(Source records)
★ ★ ★ ★ ★
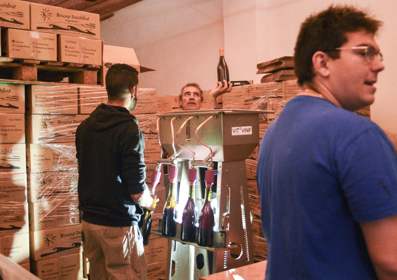 Bruno Duchêne est un vigneron passionné et indépendant qui a racheté des terres de vignes en 2002 à M. Castex, un ancien de la région dont il a appris beaucoup par le faire et l’écoute. Ses vignes sont à Banyuls-sur-Mer. Bruno cultive ses vignes en terrasse, laboure à la main, au chenillard. Il laisse certaines parcelles de ses vignes enherbées, et parfois débroussaille en fonction des besoins en eau de la terre. Il produit des vins nature et ne fait 3 à 4 traitements par an en agriculture biologique. Il développe un modèle économique entre la culture de ses 4 hectares de vignes ainsi que l’achat de raisin à d’autres vigneron·nes qu’il vinifie lui-même. Bruno dit qu’il faut observer, essayer, s’adapter à la vigne. Lui ne semble être qu’un alchimiste au milieu de ses vignes, dépendant du bon vouloir de la nature.
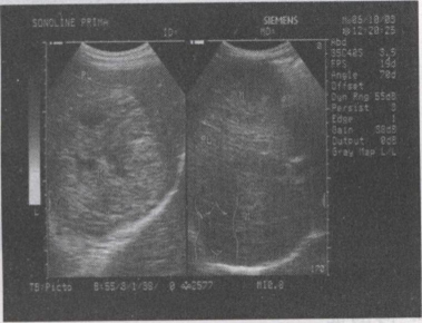 48.男,57岁,慢性乙肝多年,现上腹痛,食欲缺乏,AFP>500,结合超声声像图,诊断为()
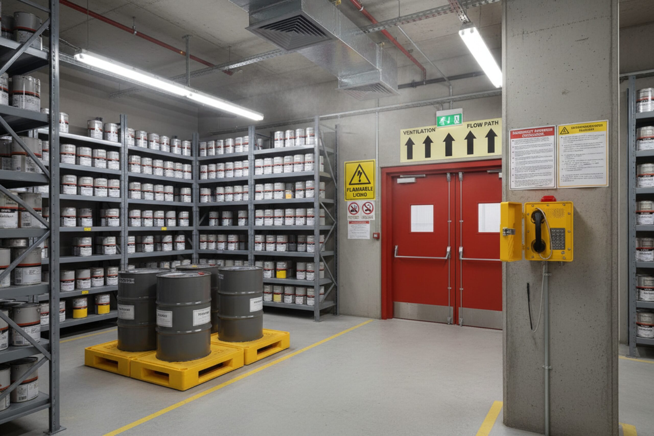 Paint storage rooms stay quiet until a drum leaks or a ventilation fan trips. Then
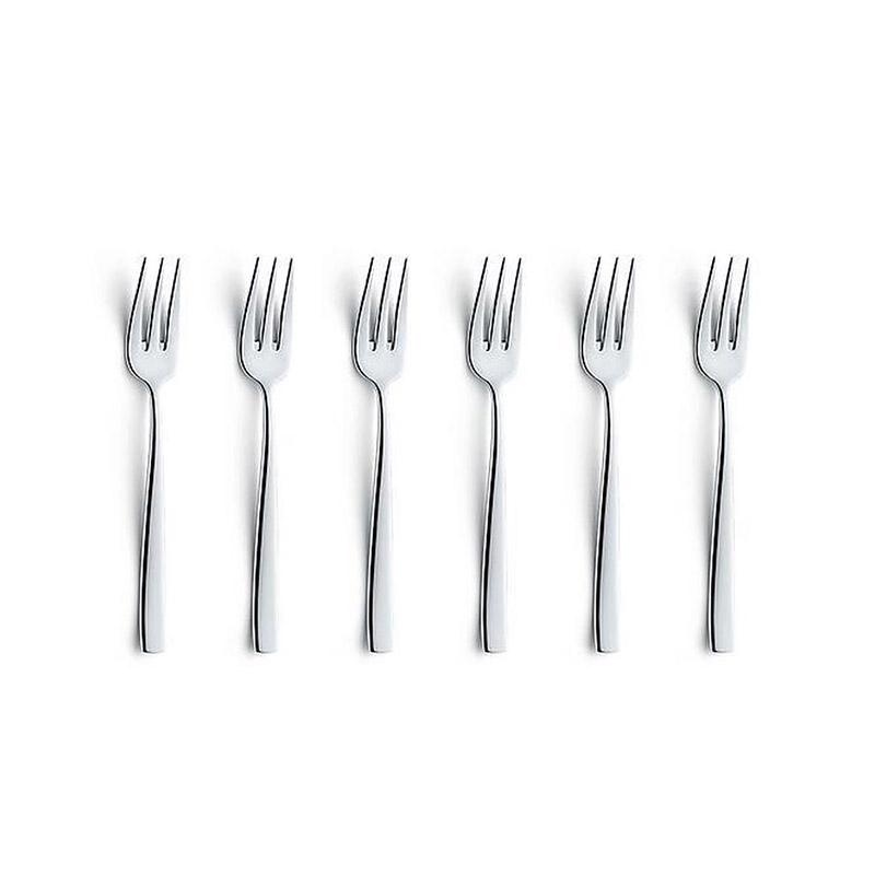 Sada dezertných vidličiek. Vidličky sú vyrobené z kvalitnej nerezovej ocele a sú striebornej farby.
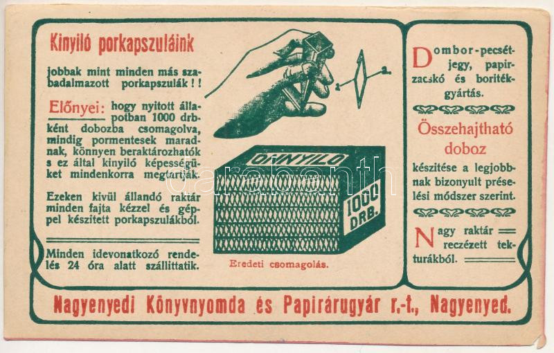Nagyenyed, Aiud; Könyvnyomda és Papírárugyár R.T. reklámlapja. Magyarország legnagyobb, villamos üzemre berendezett és a külfölddel szemben úgy ár, mint minőség tekintetében legversenyképesebb lithográfiai, könyvnyomdai és dombornyomó intézete, gyógyszerészi és kereskedelmi dobozárugyára / book printing house and paper factory advertisement card. litho (non PC) (EM)
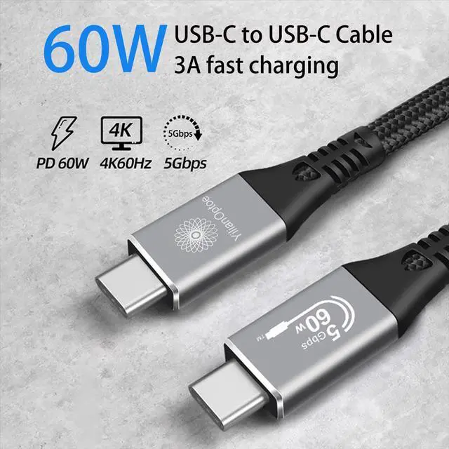 YilianOptoe USB C to USB C Cable 33ft,USBC 3.1 Gen1 5Gbps Data Transfer,60W Long Fast Charging Cable,4K@60Hz Display Cable,USB C Display Cord for MacBook Pro,iPad Pro,Monitor,Laptop
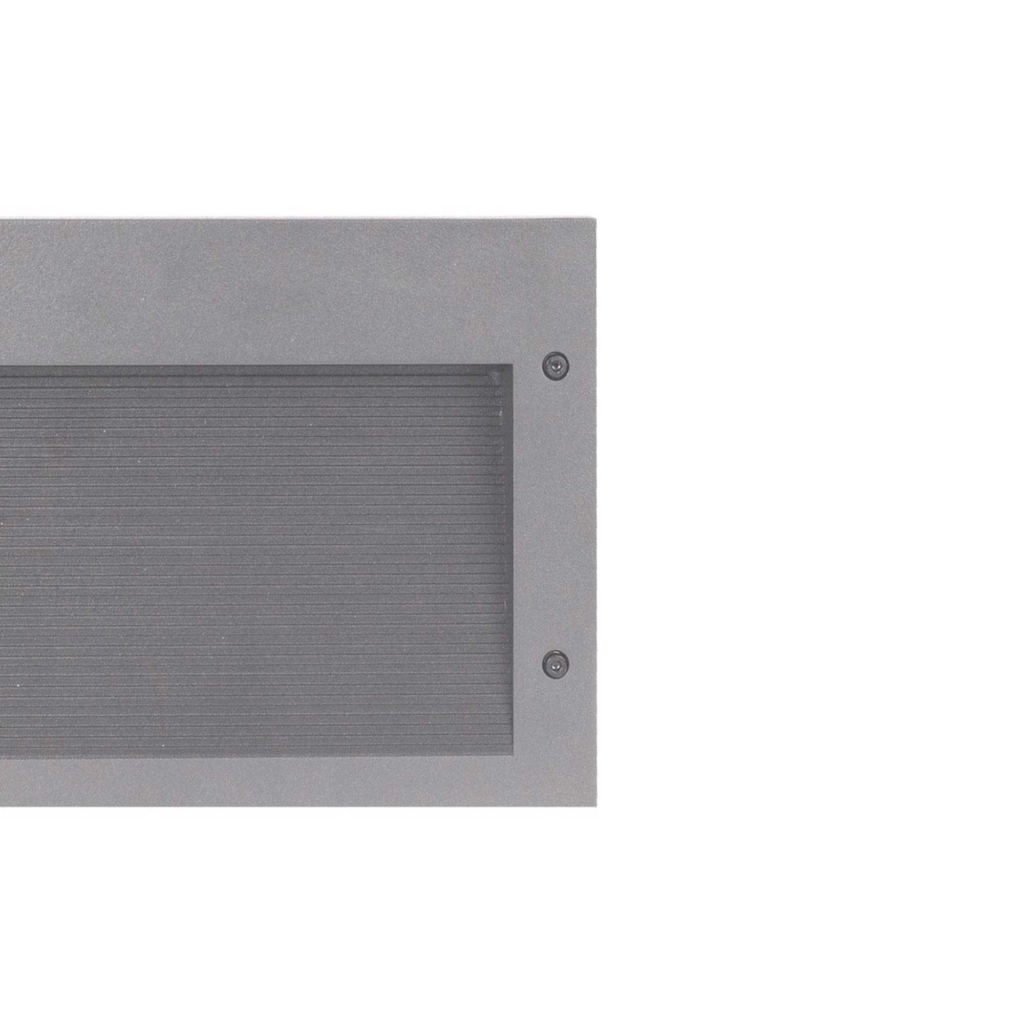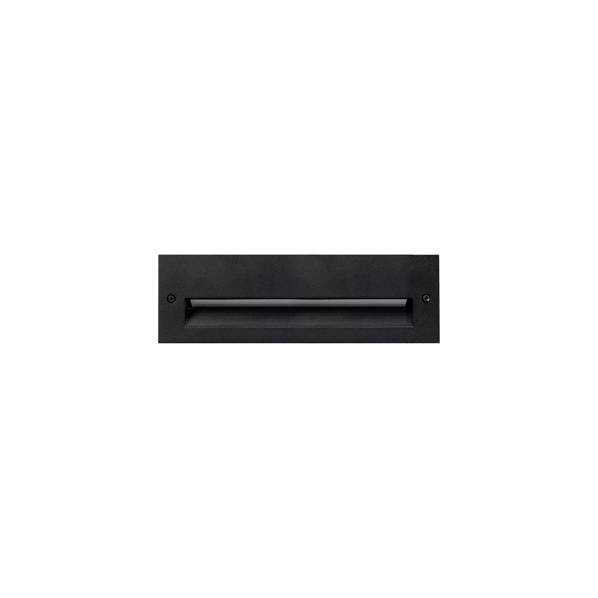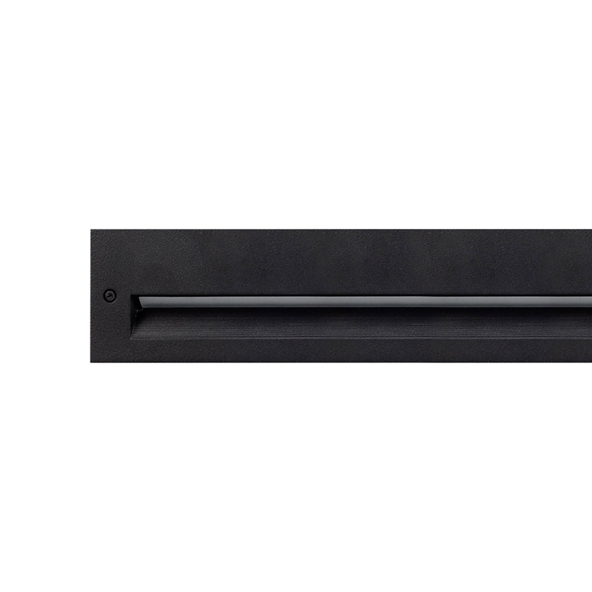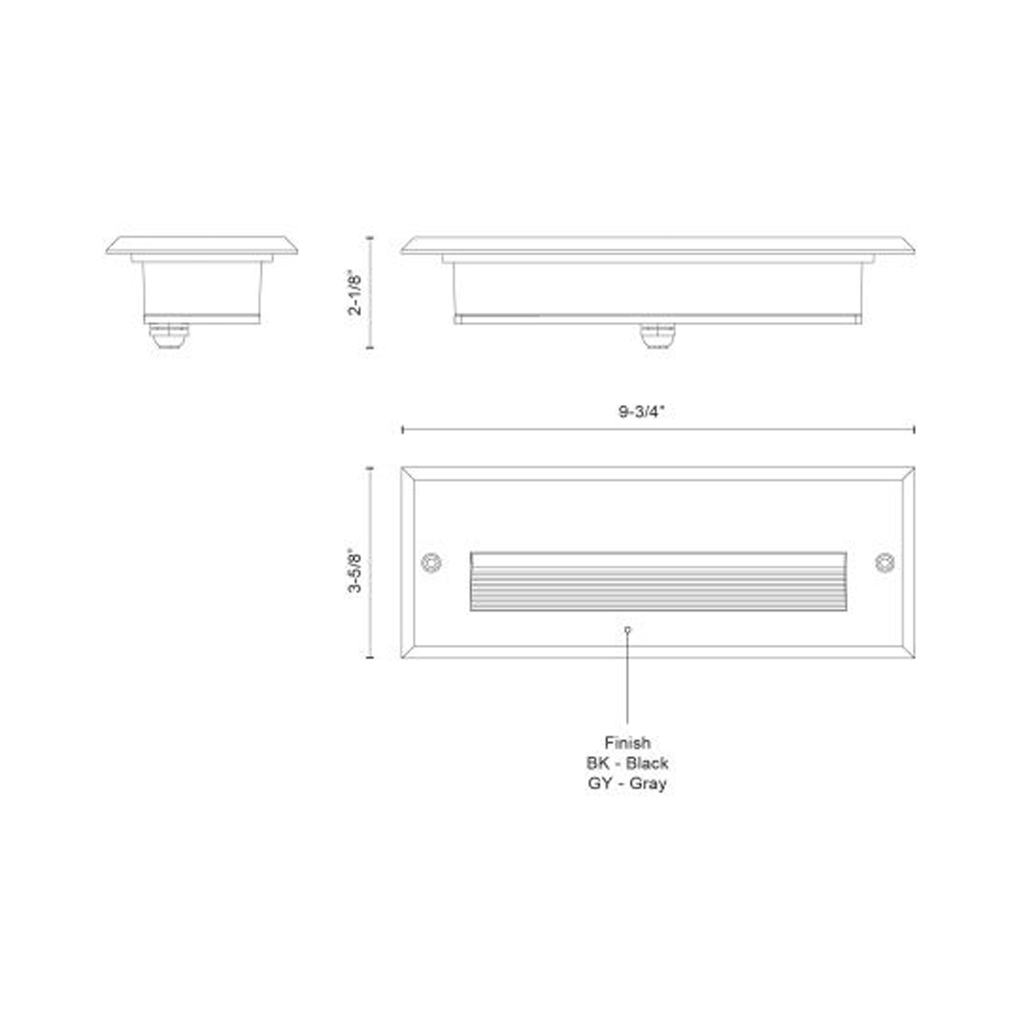 This exterior recessed light is a classic, rectangle-shaped 9-3/4 inch long die-cast aluminum recessed light and utilizes LED light sources. The housing is designed to light an exterior or interior staircase or any other area that calls for a lighting from a concealed aperture. Choose from black or grey powder coat. Newport is ELV, TRIAC.
★ ★ ★ ★ ★
From the line with "YilianOptoe USB C" down to the end of the entries, retype each line exactly as written, but drop the pictures.

### WRITTEN RESPONSE:
 YilianOptoe USB C to USB C Cable 33ft,USBC 3.1 Gen1 5Gbps Data Transfer,60W Long Fast Charging Cable,4K@60Hz Display Cable,USB C Display Cord for MacBook Pro,iPad Pro,Monitor,Laptop
 This exterior recessed light is a classic, rectangle-shaped 9-3/4 inch long die-cast aluminum recessed light and utilizes LED light sources. The housing is designed to light an exterior or interior staircase or any other area that calls for a lighting from a concealed aperture. Choose from black or grey powder coat. Newport is ELV, TRIAC.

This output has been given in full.